GIVEN MATERIAL Start Marker

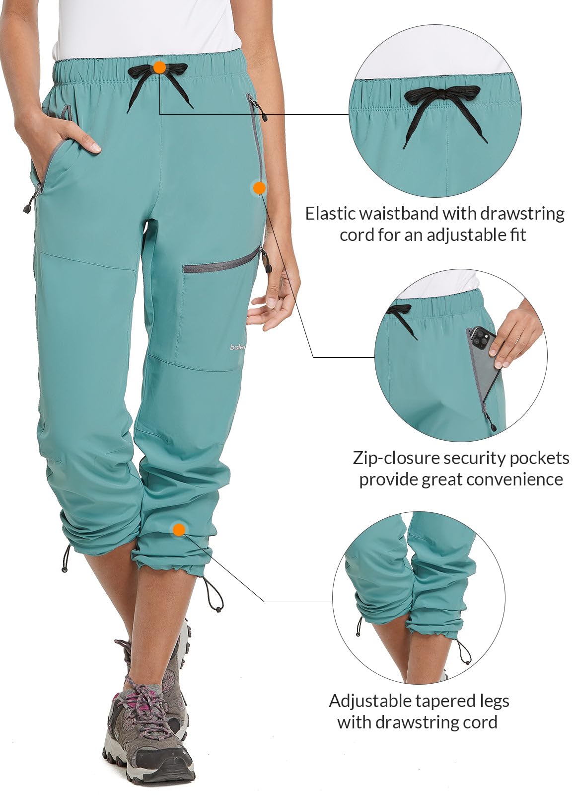 Details: The Baleaf Women's Athletic Capris Pants combining comfort, great fit and versatility was made for the outdoor-loving woman. Crafted of water-Resistant, stretch and quick-dry fabric, our hiking Cargo capris remain lightweight, yet durable to keep you cool and comfortable overtime. The baleaf hiking pants built-in Ultraviolet Protection Factor (UPF) 50 protect you from the sun's harmful rays. Features Stretch fabric - 90 % Polyester, 10% spandex Fabric rating UPF 50+ helps you stay safe in the sun Gusseted crotch and 4-way stretch construction enhance movement and comfort Machine washable
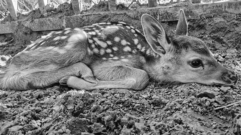 5月26日10時許,記者來到了南山公園,在飼養(yǎng)梅花鹿的地方見到了旦增群培。在他的帶領下,記者有幸近距離見到了剛出生一周的梅花鹿寶寶“日瓦”,它正懶洋洋地趟在一處樹蔭下休息。
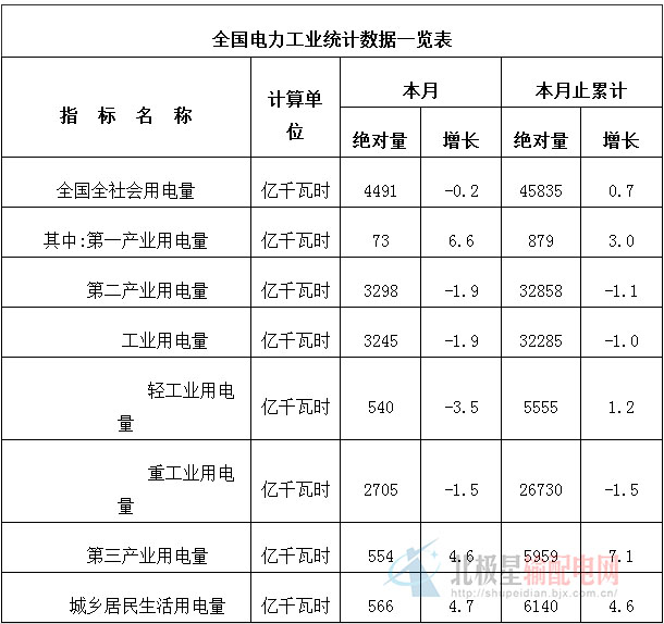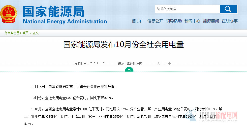 从国家能源局网站获悉,国家能源局今日发布了10月份全社会用电量,同比下降0.2%

GIVEN MATERIAL End Marker

Could you print the listing above word for word, without its pictures?

ANSWER TO THIS PROBLEM
 Details: The Baleaf Women's Athletic Capris Pants combining comfort, great fit and versatility was made for the outdoor-loving woman. Crafted of water-Resistant, stretch and quick-dry fabric, our hiking Cargo capris remain lightweight, yet durable to keep you cool and comfortable overtime. The baleaf hiking pants built-in Ultraviolet Protection Factor (UPF) 50 protect you from the sun's harmful rays. Features Stretch fabric - 90 % Polyester, 10% spandex Fabric rating UPF 50+ helps you stay safe in the sun Gusseted crotch and 4-way stretch construction enhance movement and comfort Machine washable
 5月26日10時許,記者來到了南山公園,在飼養(yǎng)梅花鹿的地方見到了旦增群培。在他的帶領下,記者有幸近距離見到了剛出生一周的梅花鹿寶寶“日瓦”,它正懶洋洋地趟在一處樹蔭下休息。
 从国家能源局网站获悉,国家能源局今日发布了10月份全社会用电量,同比下降0.2%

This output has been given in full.